# REQUIRED ACTION
Would you please copy only the lines from the line that contains "For a BLT-style" to the end of the data below, exactly, leaving every picture out?

[Entries taken from a collection]
##############################
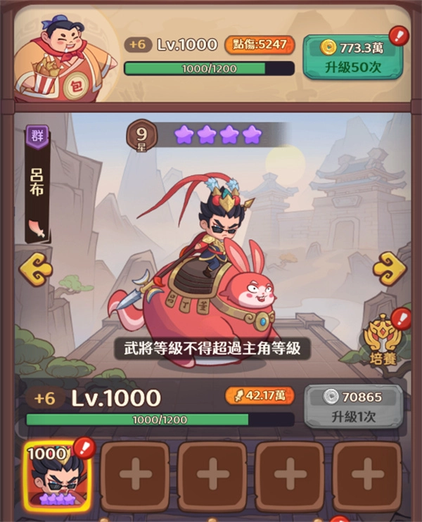 主角等级决定了武将等级的上限,所以前期资源要优先投入主角和主C,二者等级需保持一致,辅助类角色升到1000级点满技能就足够了。
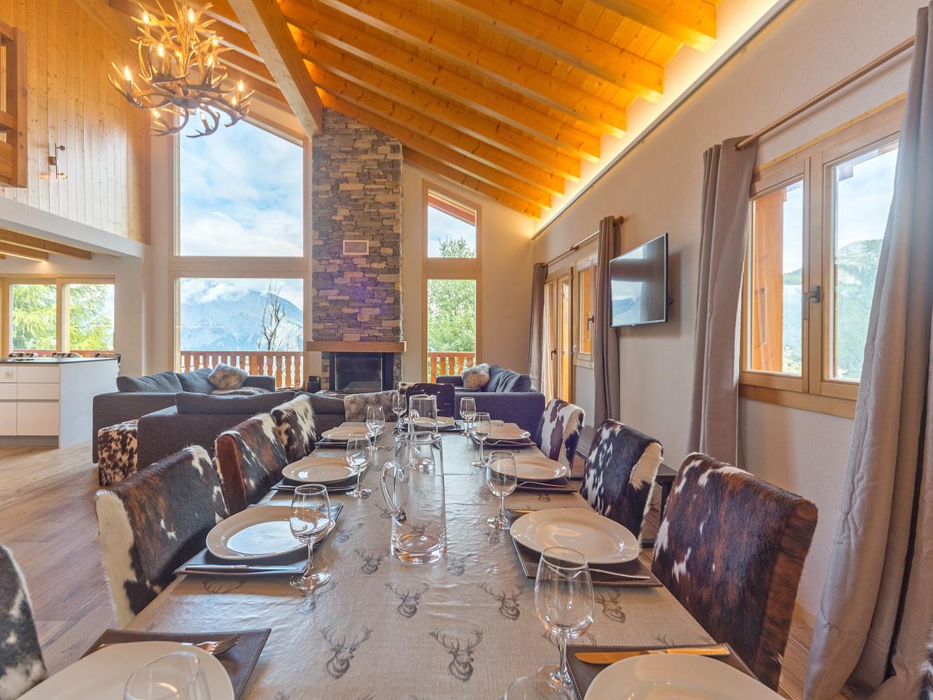 Very impressive living-/ and dining area with panoramic views and a modern fireplace. The new state-of-the-art kitchen invites to great cooking evenings. Five of the seven bedrooms are 'en suite' with their own bathroom. Six bedrooms have access to terrace or balcony. The entrance/parking area of the chalet is secured by an outside surveillance camera.
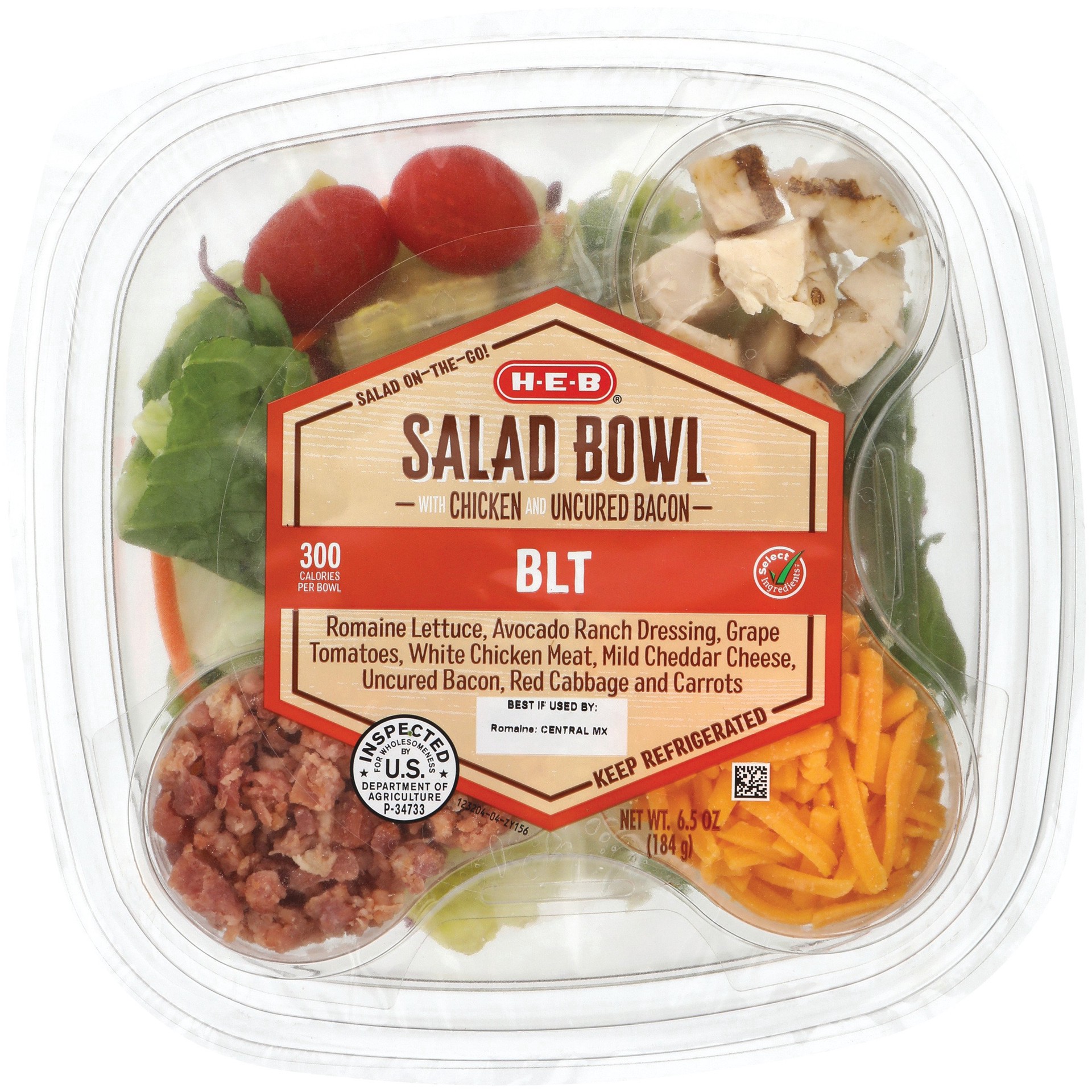 For a BLT-style salad on the go, sample this one from H-E-B. With romaine lettuce as the base, it's packed with grape tomatoes, white chicken meat, uncured bacon, and mild cheddar. Bringing it all tog…
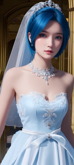 lingmeier, 1girl, blue wedding dress, (blue_hair:1.2) , solo, looking at viewer, cowboy_shot, realistic,masterpiece,best quality,
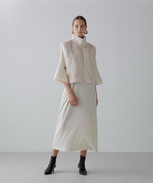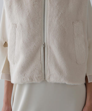 上品な光沢のあるフェイクファーのベストです。
##############################
# ANSWER TO THE PROBLEM
 For a BLT-style salad on the go, sample this one from H-E-B. With romaine lettuce as the base, it's packed with grape tomatoes, white chicken meat, uncured bacon, and mild cheddar. Bringing it all tog…
 lingmeier, 1girl, blue wedding dress, (blue_hair:1.2) , solo, looking at viewer, cowboy_shot, realistic,masterpiece,best quality,
 上品な光沢のあるフェイクファーのベストです。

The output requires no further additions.